Doel
Het verzamelen en afvoeren van hemel- en wandenwaswater en eventueel lekwater en vrijgekomen gevaarlijke stoffen en het voorkomen van dampvorming in de afvoerbuis.
Toepassingen
In het overgangsgedeelte t.p.v. de overgang naar de toeritten in tunnels, waarbij vanuit de vergunningsvoorwaarden een zuiveringstechnische voorziening wordt geëist. Overigens kan het verbeterd gescheiden systeem alleen toegepast worden als het (ongezuiverde) water van de vuilwateropslag geloosd kan worden op het openbaar rioleringsnet.
Dit moet dus wel binnen een bepaalde straal aanwezig zijn.
Detailontwerp
Bij dit systeem wordt de eerste 4 mm van een regenbui opgevangen in een vuilwaterberging en de rest in een schoonwaterberging. Om het vervuilde en het (relatief) schone water gescheiden te kunnen opvangen en afvoeren, wordt de waterkelder verdeeld in twee delen, te weten een vuilwaterberging en een schoonwaterberging. Daarnaast is de waterkelder voorzien van een ontvangstput die de functie heeft om het af te voeren water door te geven aan de vuilwaterberging en vervolgens de schoonwaterberging. Het doorstroomniveau naar de vuilwaterberging is lager gelegen dan het overloopniveau naar de schoonwaterberging. Het af te voeren water komt binnen in de ontvangstput. Deze put wordt tot het niveau van de doorstroomopening opgevuld met beton. Hiermee wordt voorkomen dat er vuil water in de put achterblijft na het afsluiten van de doorvoer naar de vuilwaterberging en er vermenging optreedt tussen schoon en vuil water. De doorstroomopening wordt voorzien van niveaugeregelde afsluiters, die ervoor zorgen dat de doorvoer naar de vuilwaterberging wordt afgesloten na de opvang van de eerste 4 mm.
Motivering
Uitgangspunt van dit systeem is dat het wegdek door de eerste 4 mm van een bui schoon wordt gespoeld. Het hemelwater dat hierna op het wegdek valt en via de riolering naar de waterkelder stroomt is relatief schoon. Het vuile water uit de vuilwaterberging wordt geloosd op het riool en het relatief schone water uit de schoonwaterberging wordt geloosd op het oppervlaktewater. Er zijn vele varianten mogelijk op dit systeem. Van belang is dat voorkomen moet worden dat er in de ontvangstput vermenging optreedt tussen vuil en schoon water. Hiertoe moet de inhoud van deze ontvangstput zo klein mogelijk worden gemaakt.
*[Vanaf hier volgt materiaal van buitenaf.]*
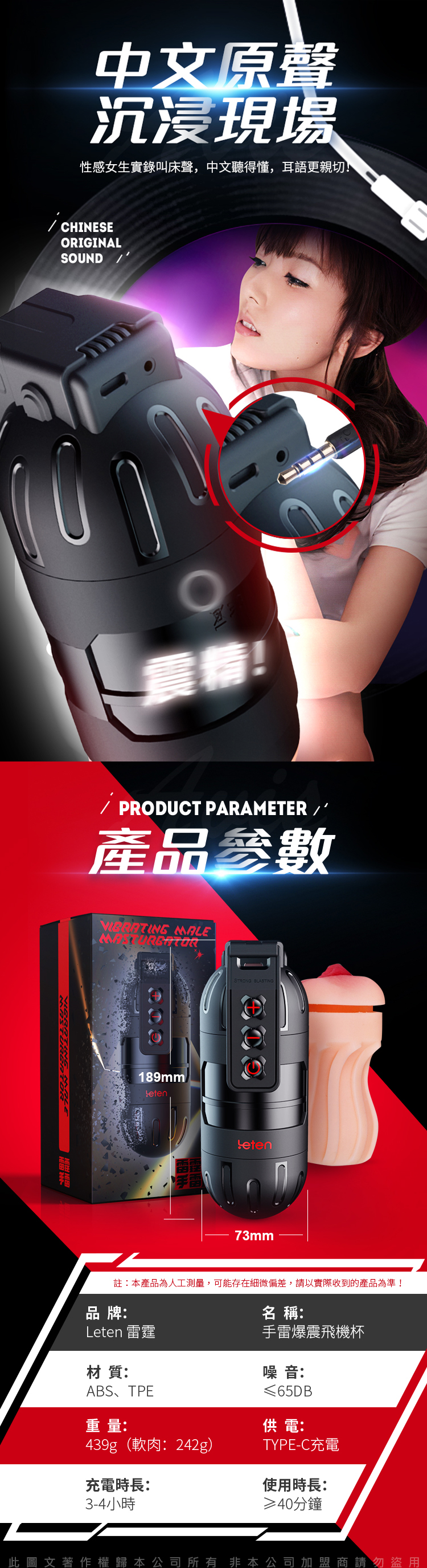 產品名稱:Leten|手雷爆震抖臀|智能APP操控發音飛機杯
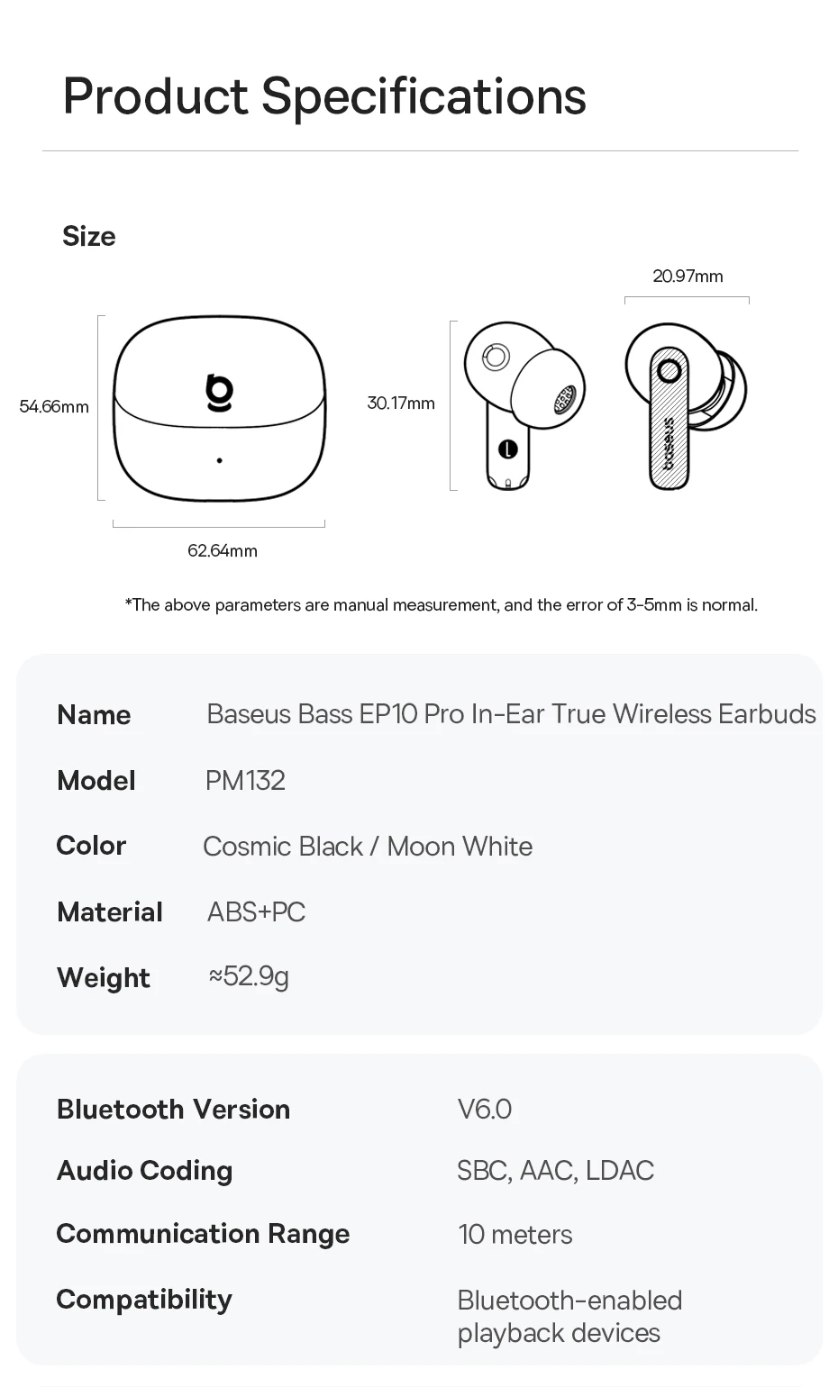 Name: Baseus Bass EP10 Pro In-Ear True Wireless Earbuds
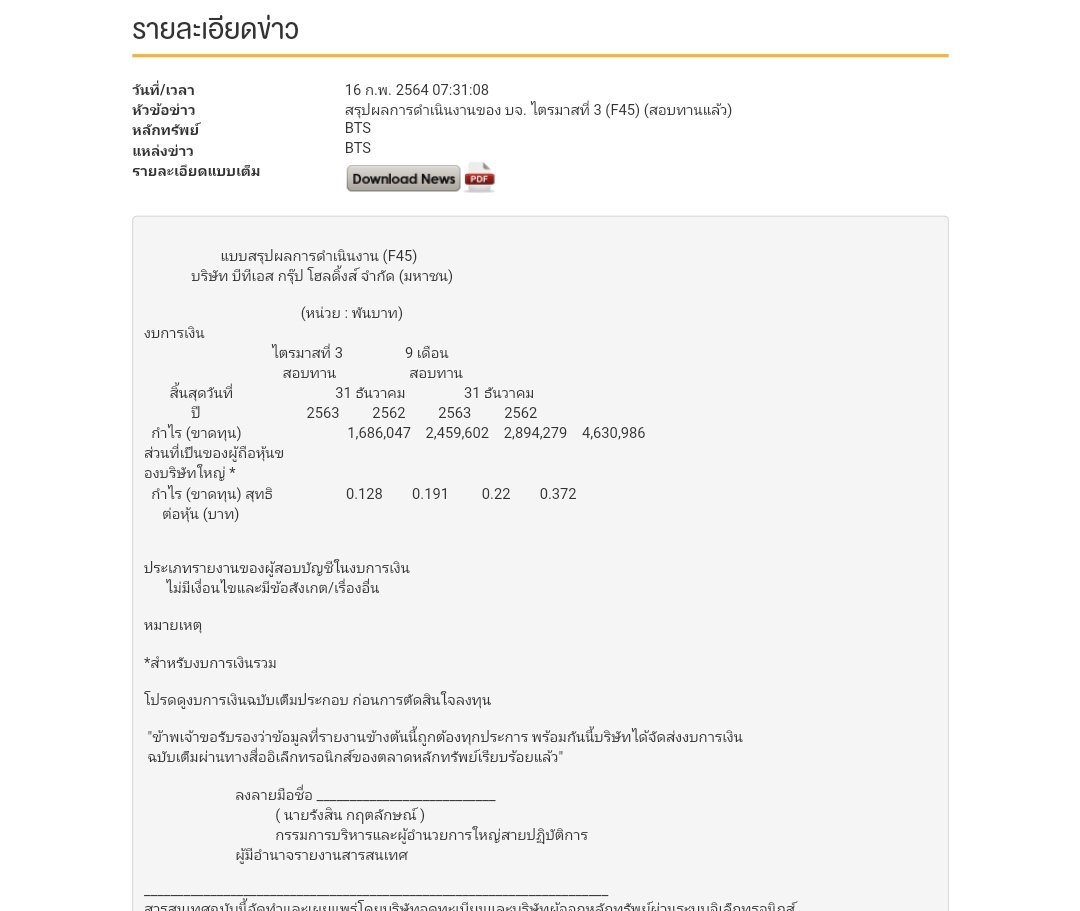 งบ BTS ครับ กำไรลดลงกว่าปีที่แล้ว
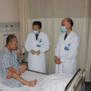 图说:李青峰教授、韦敏主任医师常至床边与方元亲切交流 采访对象供图(下同)
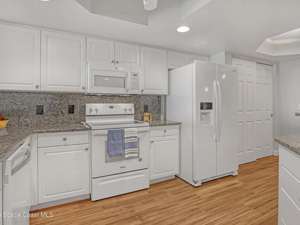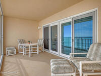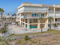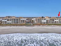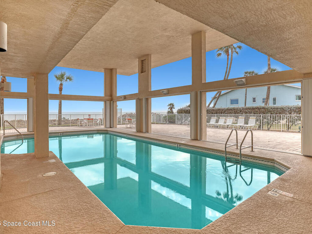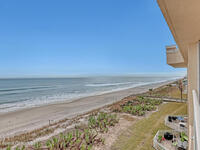 Beautiful top-floor condo with direct ocean views and an open, airy layout. This 3-bedroom, 2-bath residence showcases breathtaking beachfront vistas and an inviting open floor plan ideal for coastal living. Impact sliders and tile flooring define the spacious living and dining areas, opening to a private balcony overlooking the ocean. The kitchen features a large breakfast bar, kitchen island, granite countertops, white cabinetry, and white appliances--perfect for entertaining while enjoying the view. The primary suite is a serene retreat with private balcony access, dual walk-in closets, and an ensuite bath offering double sinks, a tile shower, and a jetted soaking tub. Two additional bedrooms provide quiet comfort, one with direct access to the second bath accented by finishes and tile. Condo offers a private walled one- car garage. Residents enjoy premium amenities including a heated community pool, ocean-view fitness center, and exclusive private ocean access.
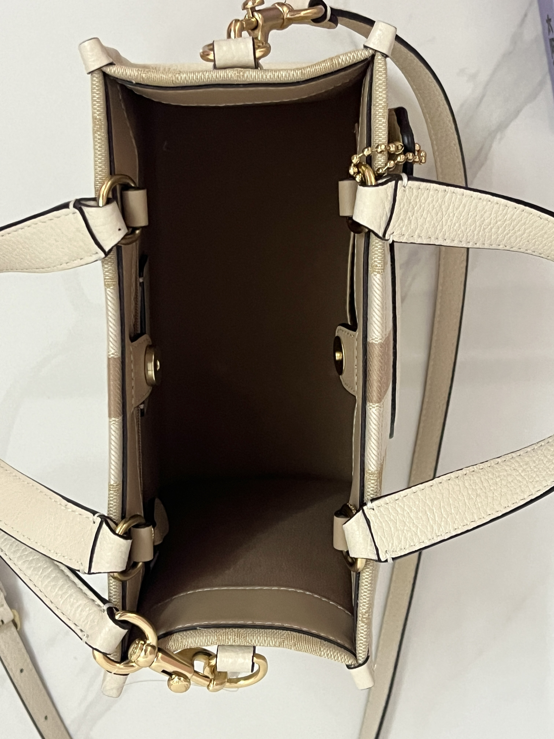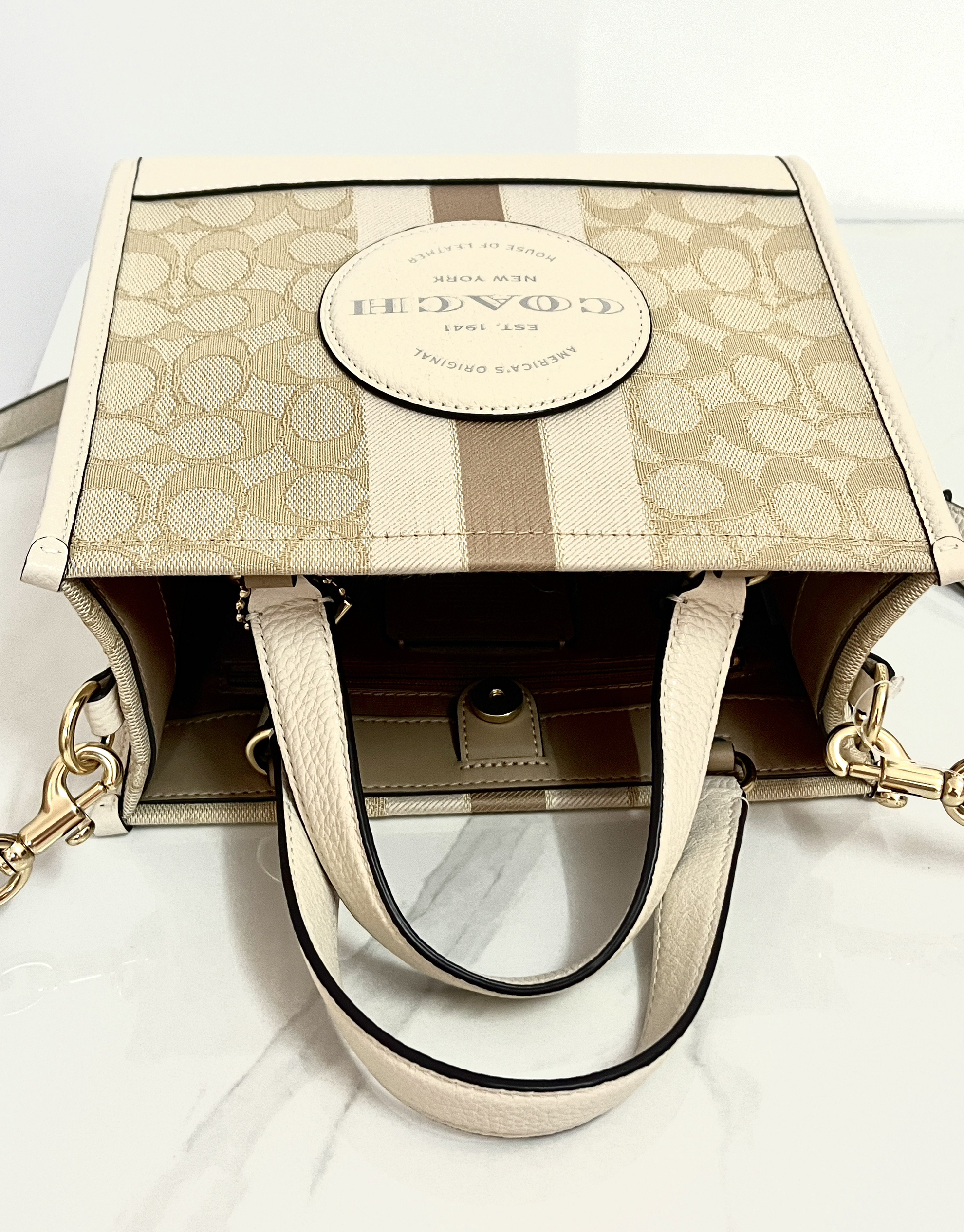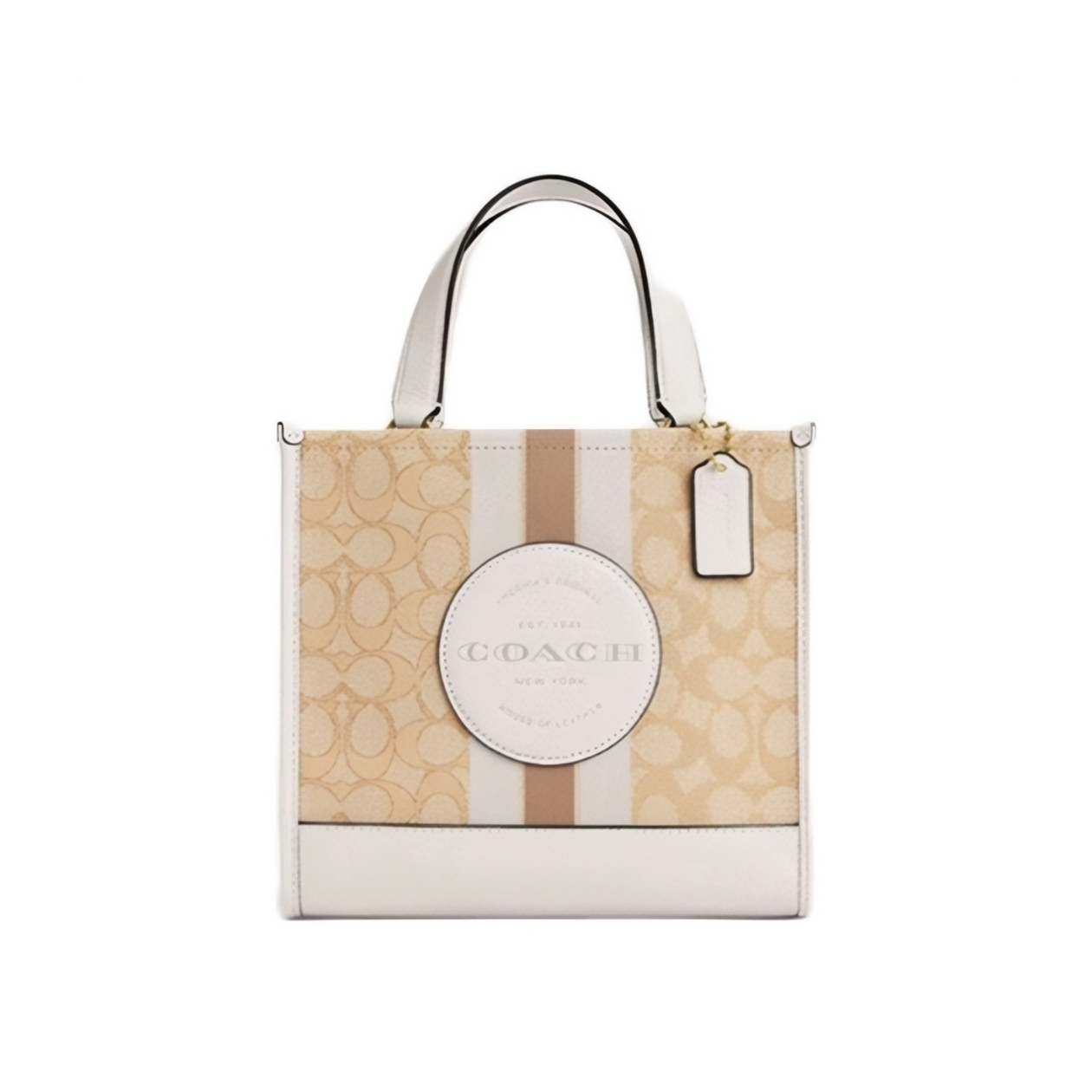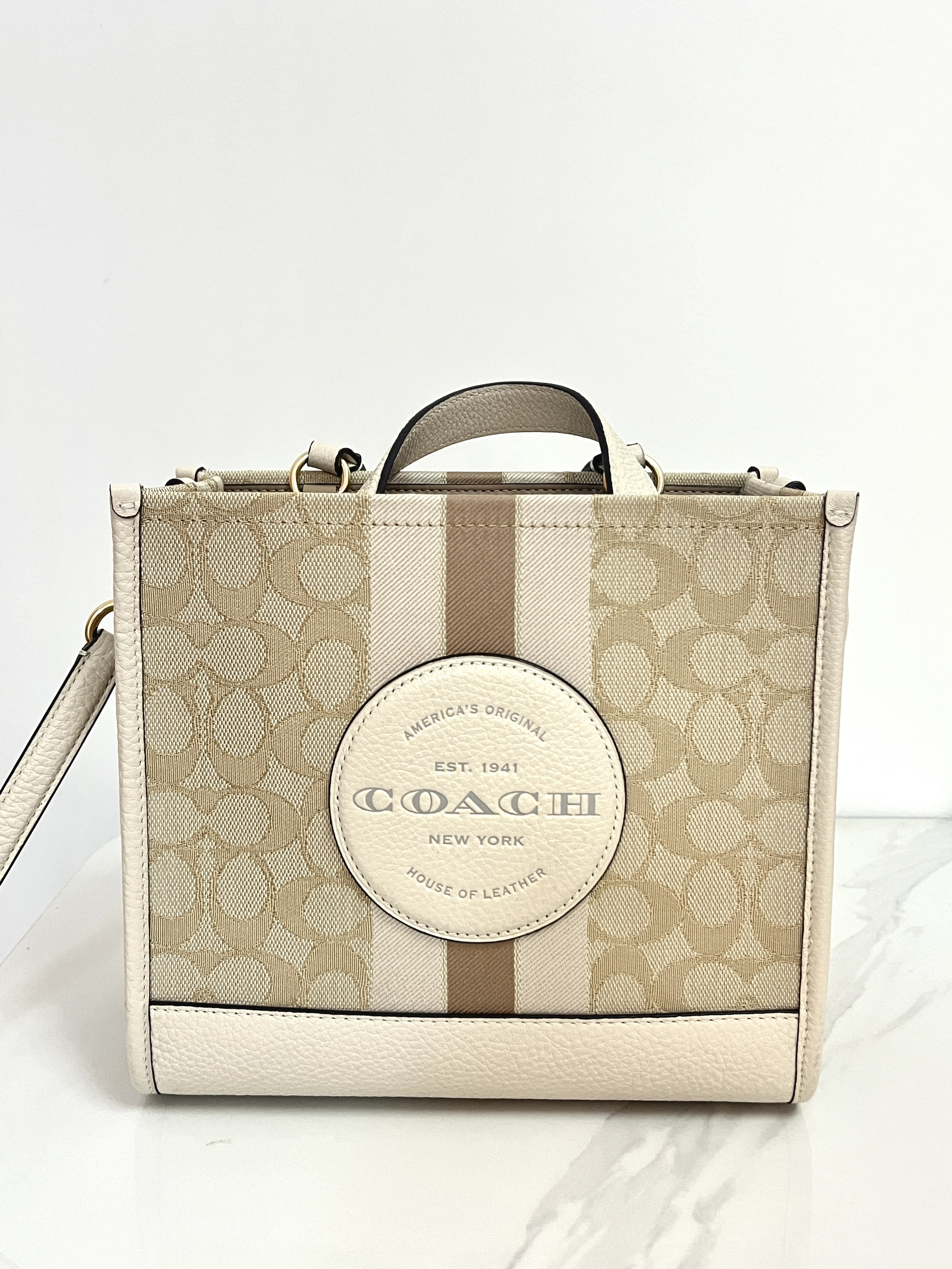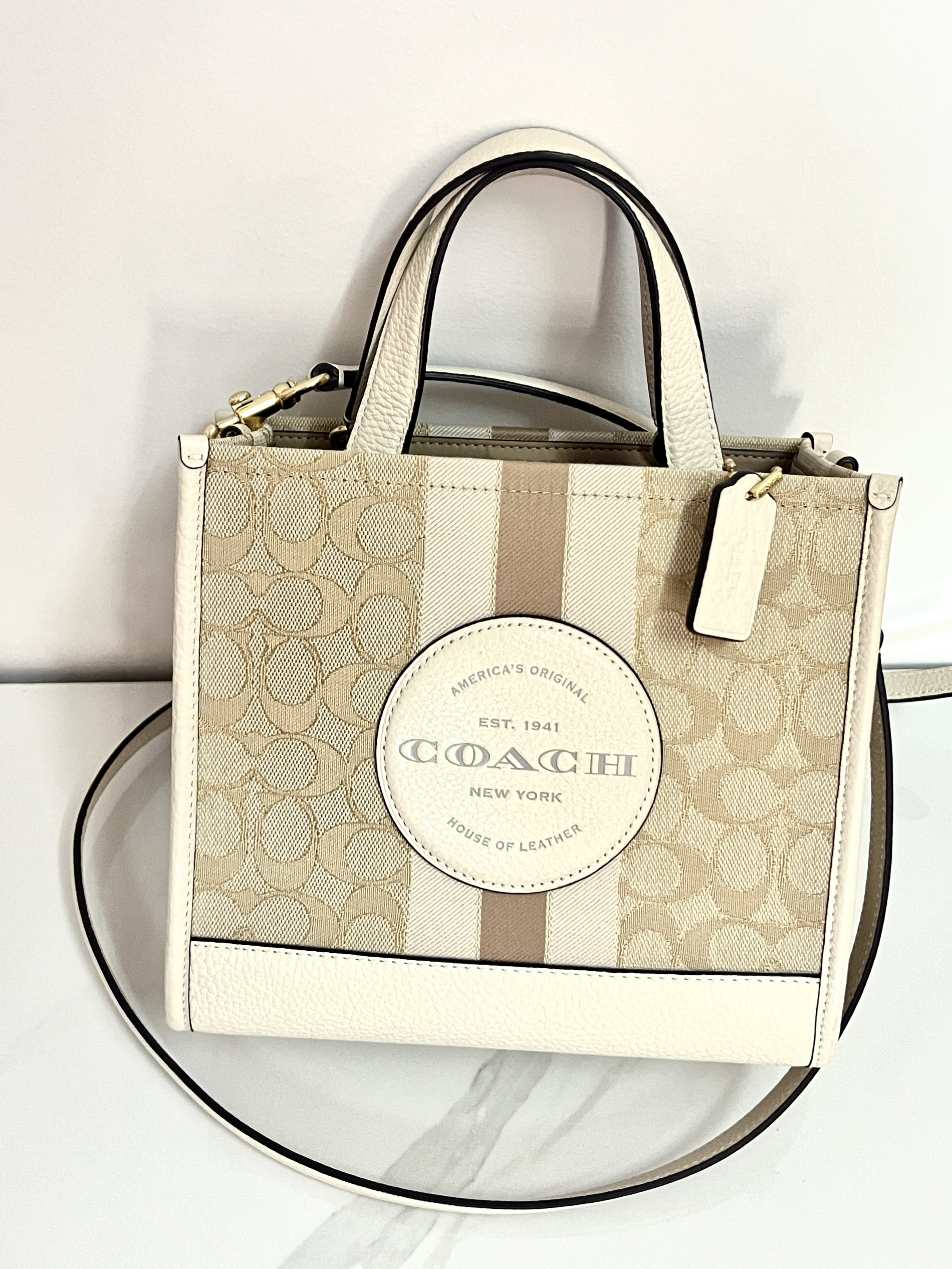 本篇笔记关联了Coach/蔻驰 Dempsey 22 小号 老花条纹Logo贴饰 织物配牛皮革托特包购物袋单肩斜挎手提包 浅卡其配白色等商品,为用户提供真实的使用体验和购买参考。

De eerste 4 mm is nogal arbitrair bepaald en zegt niet zoveel en zeker niets absoluuts over het verschil in kwaliteit van het afgevangen water in de vuilwater- en schoonwateropslag immers:
- Bij een lange smalle toerit (afwaterend oppervlak) doet de 4mm vervuild water van het hoog gelegen deel van de toerit er (veel )langer over om de waterkelder te bereiken dan bij een brede korte toerit. Dus bij een brede korte toerit is het systeem effectiever.
- Bij een langere droogteperiode zal het wegdek meer vervuild zijn dan als perioden zijn met regelmatig een regenbui.
- Bij een langere droogteperiode is de kans dat de schoonwateropslag nog vervuild is. In het andere geval wordt er mogelijk ‘vuilwater’ naar het openbaar rioleringsnet verpompt dat al voldoende zuiver is.
Conservering
Alle stalen buizen thermisch verzinkt uitvoeren.
Het milieu in de waterkelders kan zeer agressief zijn. Voor het beton in de waterkelders moet dan ook een passende milieuklasse worden bepaald met bijbehorende betondekking ten behoeve van de levensduur van 100jaar. Mogelijk is ook een extra coating te overwegen.